Neck gymnastics with osteochondrosis is a must. Without it, the treatment will not give the desired effect. This is because without a strong muscular corset, the spine will continue to suffer from the vertical pressure of gravity.

The natural cause of all diseases of the spine is gravity. Its vector is perpendicular to the surface of the Earth. Now imagine what happens to the spine if this load does not support strictly vertically. For example, this happens when we are bending over, sitting at the table, immersed in different papers.

The neck is curved, tilted 45 degrees from the vertical, so medium. Due to the gravity of the head, there is a slight diagonal displacement of the vertebrae relative to each other. The intervertebral cartilages undergo an unusual load for them, over time they fade and become deformed.

Normally even this position is compensated by strong muscles in the neck, but what strong muscles can we talk about when a person is barely moving? This is the problem.

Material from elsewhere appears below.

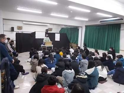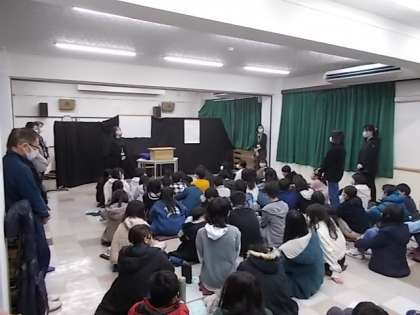 卒業祝いお話し会(2月28日) 公開日 2023/02/28 更新日 2023/02/28 今日のできごと 6年生の2校時の様子です。 影絵、琵琶演奏、講談を楽しみました。 クッキーズの皆様により企画いただきました。

If we delve into this question, then nutrition, more precisely, the lack of joint-forming substances in food complicates the situation. Cartilage tissue is already slowly renewing itself, and if the body lacks the necessary substances, it has nothing to renew itself.

So, the root cause of osteochondrosis is gravity. But strong muscles can hinder this process. This means that weak neck muscles are already a secondary cause of osteochondrosis. Hence the conclusion: if cervical osteochondrosis has started, exercises will help to solve this problem.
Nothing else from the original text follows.